What's going on?
News broke on Sunday that two of the UK’s biggest supermarket chains – Sainsbury’s and Asda – have agreed to merge their businesses in a $20 billion deal that may transform the green and pleasant landscape of British grocery.
What does this mean?
Sainsbury’s (the UK’s second-largest grocer) is looking to merge its operations with Asda (the third-largest) in order to better compete against not just Tesco (the largest), but also discounters like Aldi and Lidl that have taken the UK (nay, the world?) by storm.
Asda, significantly, is owned by American giant Walmart. As Walmart has already retrenched from some of its sprawling global business in order to focus on competing against Amazon in the US, selling its 600 Asda stores in Britain makes sense.
Why should I care?
For markets: Sainsbury’s shares moved up a shelf.
Under the terms of the deal, Sainsbury’s will pay Walmart around $4 billion in cash while also making it the biggest shareholder in the combined company (which, while retaining the separate supermarket brands, would eclipse Tesco as the UK market leader). Although the deal will likely be reviewed by UK competition authorities – not least because of valid concerns about supermarket suppliers being squeezed – investors got excited, sending up shares in much-maligned Sainsbury’s by 20% on Monday morning.
The bigger picture: Supermarket operators are being hit by an unfortunate confluence of events.
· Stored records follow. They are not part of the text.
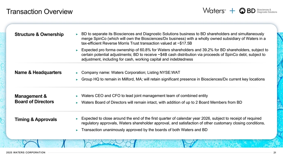 Biosciences & Diagnostic Solutions An Industry-Leading Financial Outlook Compelling 5-Year Growth Projection CY 2025E CY 2030E Revenue Growth CAGR MSD-HSD (CY 2025-30) $6.5B $9.0B Total Revenue (CY PF 25E) Total Revenue (CY PF 30E) Adj. EBITDA Growth +$1.3B $2.0B Adj. EBIT Margin Expansion ~ $3.3B 500bps 1 Adj. EBITDA (CY PF 25E) Adj. EBITDA (CY PF 30E) Adj. EPS Growth Mid-teens% (Annualized) 27% 32% Adj. Op. Margin (CY PF 25E) Adj. Op. Margin (CY PF 30E) R&D spend ~70% ~10% of product sales of Revenue Annually Recurring Note: CY = Calendar Year; PF = Pro Forma. 1. Includes approximately $100 million of estimated allocated corporate costs necessary to support the BD Biosciences & Diagnostic Solutions business 2025 WATERS CORPORATION 20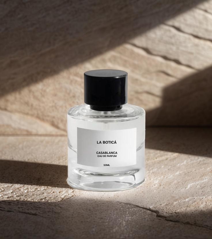 A Bottle Of La Botica Casablanca Eau De Parfum Is Elegantly Displayed On A Textured Stone Surface With Soft Lighting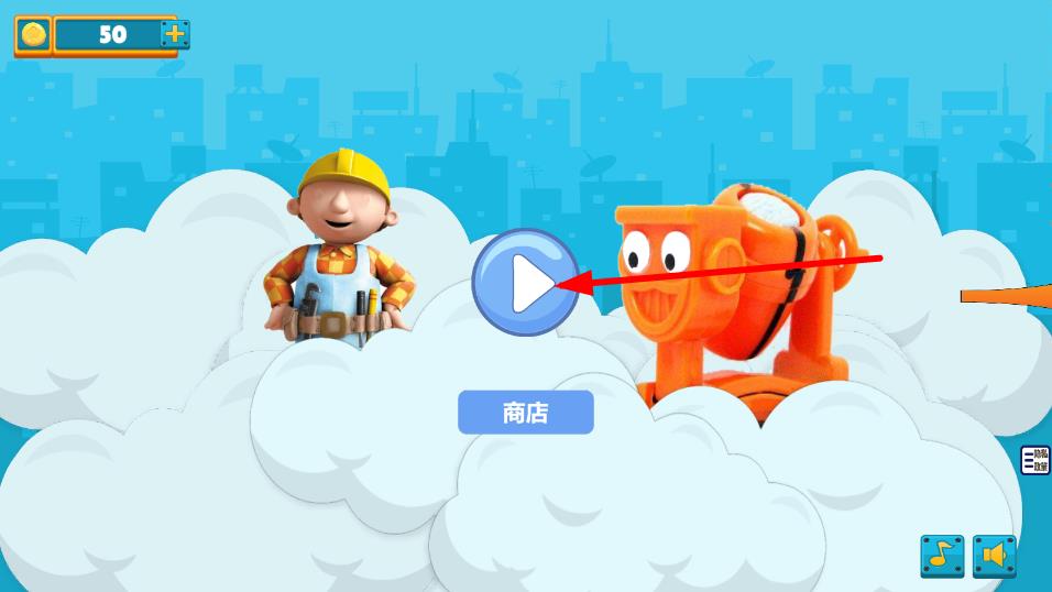 1、在游戏主界面,点击蓝色播放按钮,进入关卡,操控角色与工程车互动。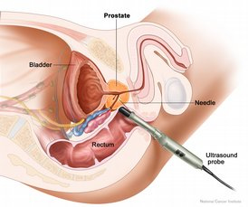 The probe is inserted into the rectum. The needle has to go through the thin rectal wall into the prostate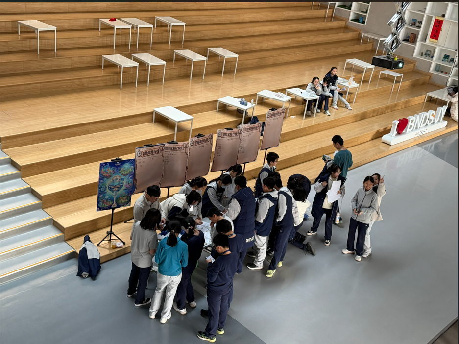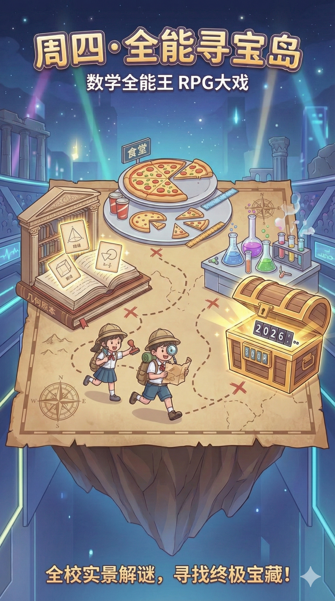 周四的实景解谜 RPG 寻宝活动更是将数学节氛围推向了高潮!全校范围化作大型冒险地图,同学们手持「数学全能王 RPG・冒险家执照」,化身见习冒险家,奔赴六大地点挑战对应年级的数学谜题。从教室到图书馆,从食堂到实验室,每一处都藏着待解锁的数学密码,大家或凝神思考、或组队讨论,在破解谜题的过程中收集「地点印章」,向着 “数学全能王” 的目标进发。
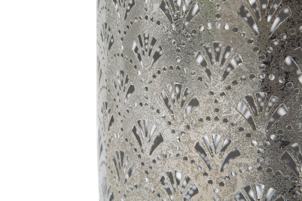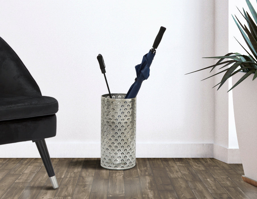 Portaombrelli rotondo in metallo argento. Gli intarsi floreali lo rendono un pratico complemento che non può mancare in ogni ingresso dallo stile ricercato.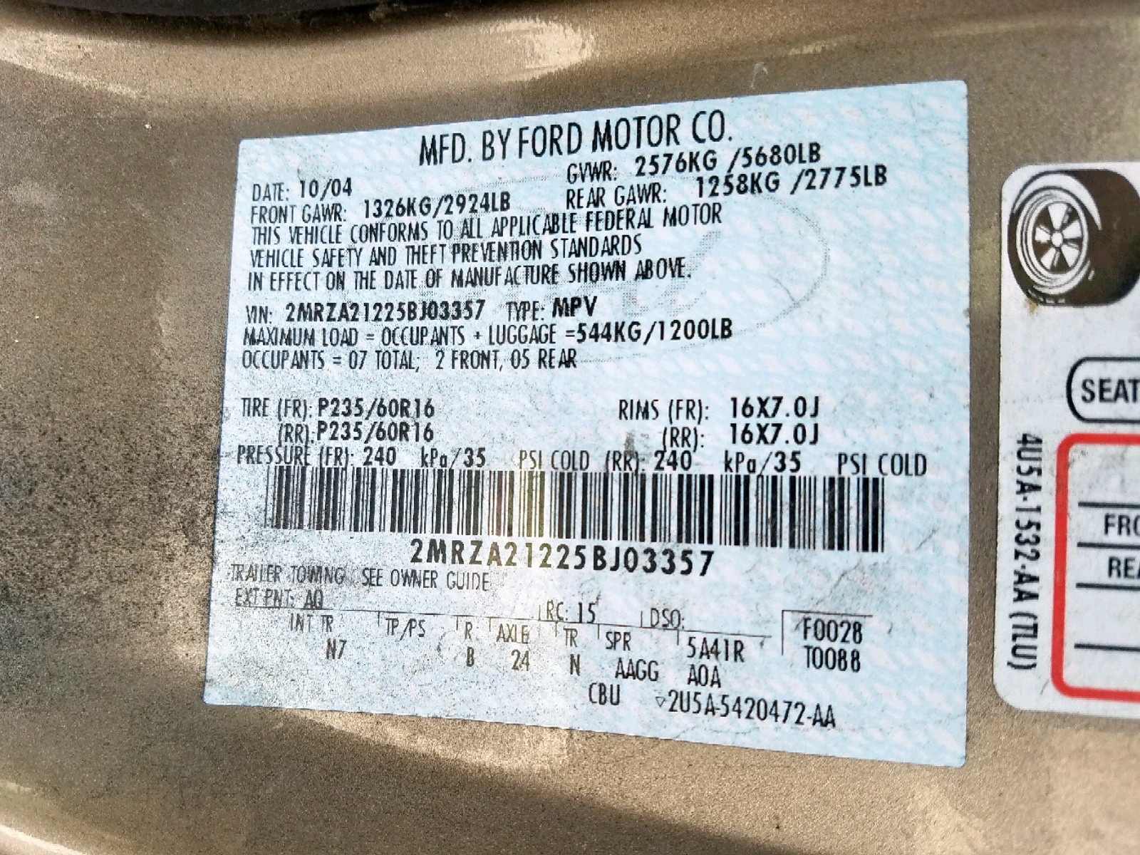 VIN: 2MRZA21225BJ03357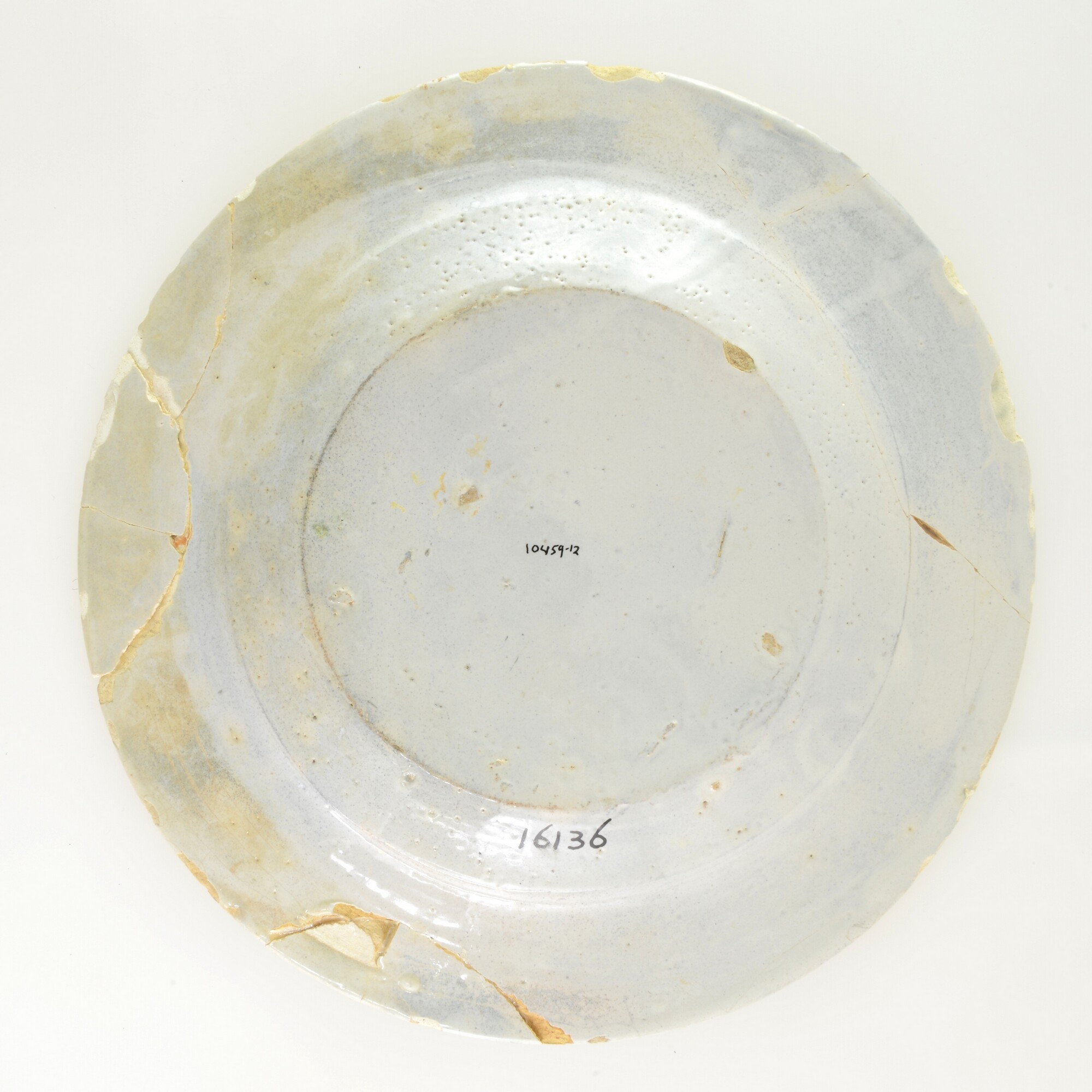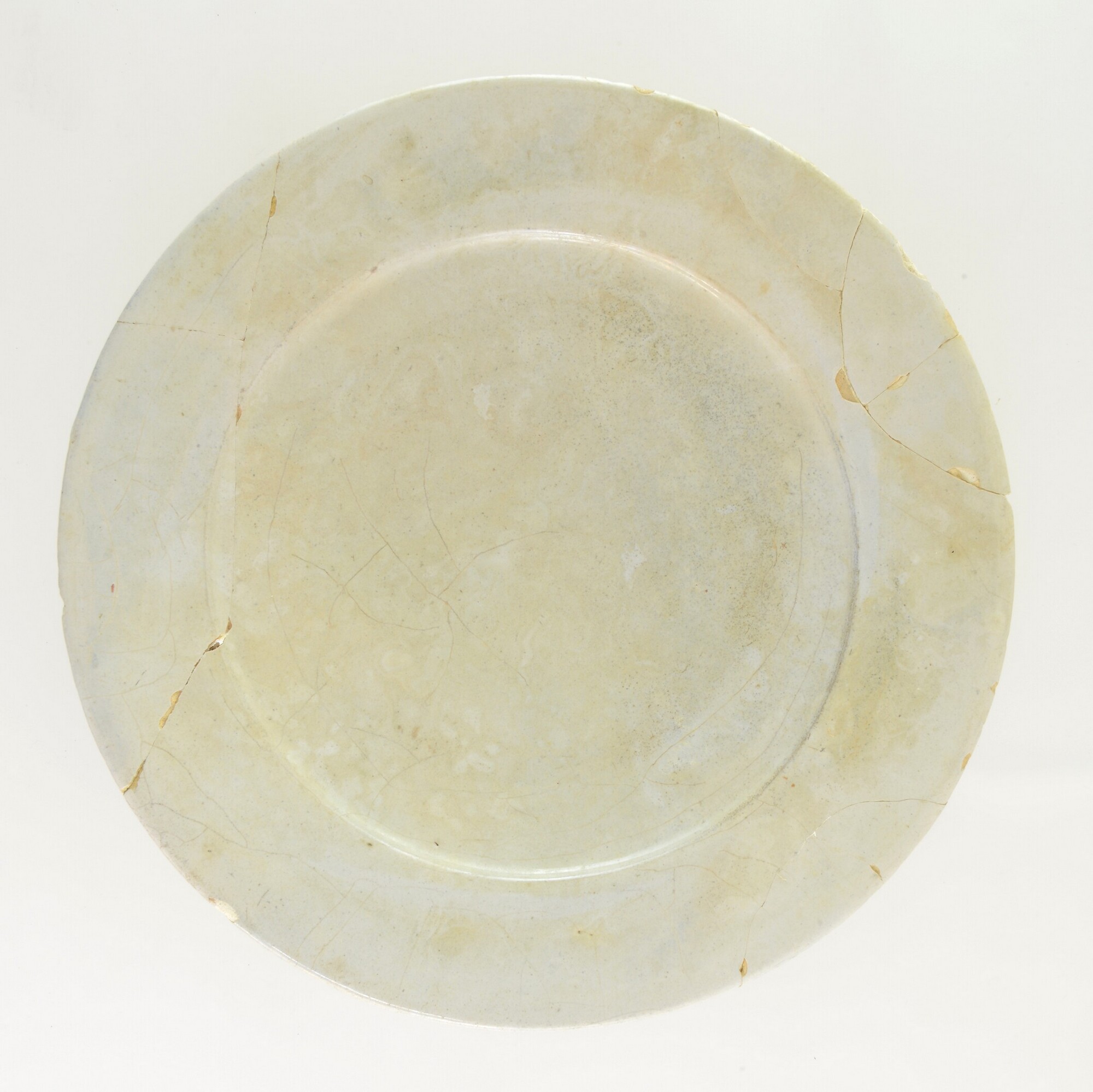 Bord; f-bor-2; plat bord met platte spiegel, platte vlag inwendig met knik afgezet; Nederlandse faience; tinglazuur; geheel wit; standvlak

The cost of importing stuff into Britain – and grocers import a lot – has increased as the pound has fallen in value. Higher costs mean grocery chains want to raise prices, but tough competition with discounters means they also need to be cheap enough to lure in customers. Grocers’ margins (a.k.a. the gaps between what they buy stuff for and what they sell it for) are thus under extreme pressure: profits earned by UK grocers like Tesco have halved in the past three years.